* **DATASET CONTENT**
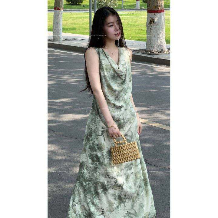 【梨花带雨】HL棉绸夏季垂折领无袖显瘦气质慵懒时尚宽松长版洋装
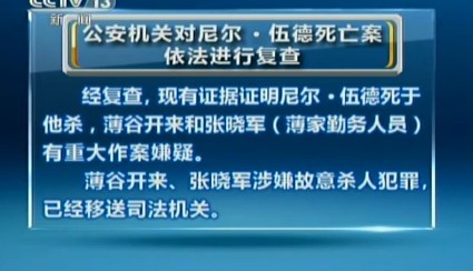 2012年4月10日,公安机关对尼尔・海伍德(官方通报中的译名为“尼尔・伍德”)死亡案进行复查。官方称有证据证明海伍德死于他杀,薄熙来妻子薄谷开来和薄家勤务人员张晓军有重大作案嫌疑,二人涉嫌故意杀人犯罪,已被移送司法机关处理。同时中央也决定对薄熙来进行停职处理并对其“严重违纪问题”进行立案调查。
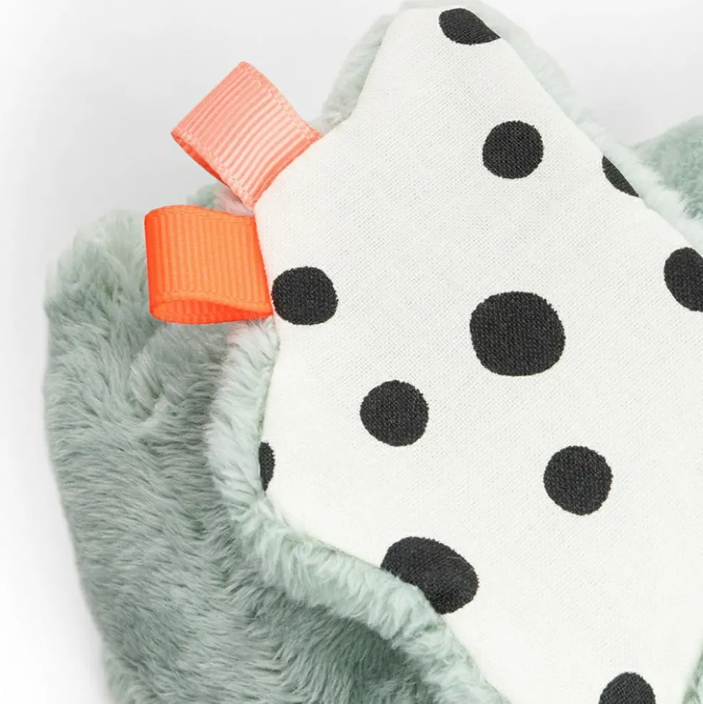 – Une aile est remplie de perles pour stimuler le sens du toucher et l’autre fait un bruit de papier froissé pour stimuler l’ouïe.
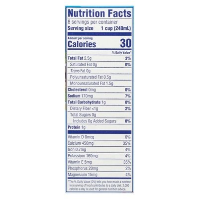 No artificial flavors or colors. Vanilla with other natural flavors. Almond Breeze: 35% DV (450 mg); Dairy Milk: 25% DV (300 mg) (1 cup of regular dairy milk contains 300 mg calcium vs 1 cup of Almond Breeze contains 450 mg calcium). 30 calories per serving. Dairy-free. Gluten-free. Soy-free. Dairy & lactose-free. Egg-free. 50% more calcium than dairy milk (1 cup of regular dairy milk contains 300 mg calcium vs 1 cup of Almond Breeze contains 450 mg calcium). No added sugar. Excellent source of vitamin E. Cholesterol-free (Almondmilk, a cholesterol-free food). No MSG. Non-GMO Project verified. nongmoproject.org. The best almonds make the best almondmilk. Every cup of Almond Breeze is carefully crafted with the best almonds. For over 100 years, our co-op of California family owned orchards has been dedicated to growing the Blue Diamond almonds that give Almond Breeze the delicious, creamy taste you'll love. Ken an Jason Chandler - Grower for 3 Generations. Casein-free. Carrageenan-free. Manufactured at plant stamped on package. All products are produced in a stringent allergen control environment. www.bluediamond.com/sustainability. almondbreeze.com. how2recycle.info. Scan me for an exciting experience! Find us on Facebook. SmartLabel: Scan barcode with SmartLabel app for more information. For more information, please visit us at www.bluediamond.com/sustainability. Questions or comments? Contact Blue Diamond customer support at 1 (800) 987-2329 or support(at)bdgrowers.com. Please include code number found on pack with all inquiries. almondbreeze.com. To learn more, please visit us at www.bluediamond.com/faqs or scan product UPC code for SmartLabel page. How we make a difference: California Almond Growers have reduced their water usage by 33% for every 1 lb of almonds grown. Almondmilk produces 78% less carbon emissions than dairy milk. We partner with Project Apis m. to help honeybees thrive before, during and after the almond bloom. Rainforest Alliance Certified. FSC certification by the Rainforest Alliance benefits the environment and local communities. FSC: Mix - Board from responsible sources. Purchasing this FSC carton from Tetra Pak supports responsible forest management worldwide. Tetra Pak: Protects what's good. Tetra Pak. Tetra Brik Aseptic.

* **WHAT YOU HAVE TO DO**
Please retype the data exactly. The pictures do not go in.

* **EXERCISE RESULT**
 【梨花带雨】HL棉绸夏季垂折领无袖显瘦气质慵懒时尚宽松长版洋装
 2012年4月10日,公安机关对尼尔・海伍德(官方通报中的译名为“尼尔・伍德”)死亡案进行复查。官方称有证据证明海伍德死于他杀,薄熙来妻子薄谷开来和薄家勤务人员张晓军有重大作案嫌疑,二人涉嫌故意杀人犯罪,已被移送司法机关处理。同时中央也决定对薄熙来进行停职处理并对其“严重违纪问题”进行立案调查。
 – Une aile est remplie de perles pour stimuler le sens du toucher et l’autre fait un bruit de papier froissé pour stimuler l’ouïe.
 No artificial flavors or colors. Vanilla with other natural flavors. Almond Breeze: 35% DV (450 mg); Dairy Milk: 25% DV (300 mg) (1 cup of regular dairy milk contains 300 mg calcium vs 1 cup of Almond Breeze contains 450 mg calcium). 30 calories per serving. Dairy-free. Gluten-free. Soy-free. Dairy & lactose-free. Egg-free. 50% more calcium than dairy milk (1 cup of regular dairy milk contains 300 mg calcium vs 1 cup of Almond Breeze contains 450 mg calcium). No added sugar. Excellent source of vitamin E. Cholesterol-free (Almondmilk, a cholesterol-free food). No MSG. Non-GMO Project verified. nongmoproject.org. The best almonds make the best almondmilk. Every cup of Almond Breeze is carefully crafted with the best almonds. For over 100 years, our co-op of California family owned orchards has been dedicated to growing the Blue Diamond almonds that give Almond Breeze the delicious, creamy taste you'll love. Ken an Jason Chandler - Grower for 3 Generations. Casein-free. Carrageenan-free. Manufactured at plant stamped on package. All products are produced in a stringent allergen control environment. www.bluediamond.com/sustainability. almondbreeze.com. how2recycle.info. Scan me for an exciting experience! Find us on Facebook. SmartLabel: Scan barcode with SmartLabel app for more information. For more information, please visit us at www.bluediamond.com/sustainability. Questions or comments? Contact Blue Diamond customer support at 1 (800) 987-2329 or support(at)bdgrowers.com. Please include code number found on pack with all inquiries. almondbreeze.com. To learn more, please visit us at www.bluediamond.com/faqs or scan product UPC code for SmartLabel page. How we make a difference: California Almond Growers have reduced their water usage by 33% for every 1 lb of almonds grown. Almondmilk produces 78% less carbon emissions than dairy milk. We partner with Project Apis m. to help honeybees thrive before, during and after the almond bloom. Rainforest Alliance Certified. FSC certification by the Rainforest Alliance benefits the environment and local communities. FSC: Mix - Board from responsible sources. Purchasing this FSC carton from Tetra Pak supports responsible forest management worldwide. Tetra Pak: Protects what's good. Tetra Pak. Tetra Brik Aseptic.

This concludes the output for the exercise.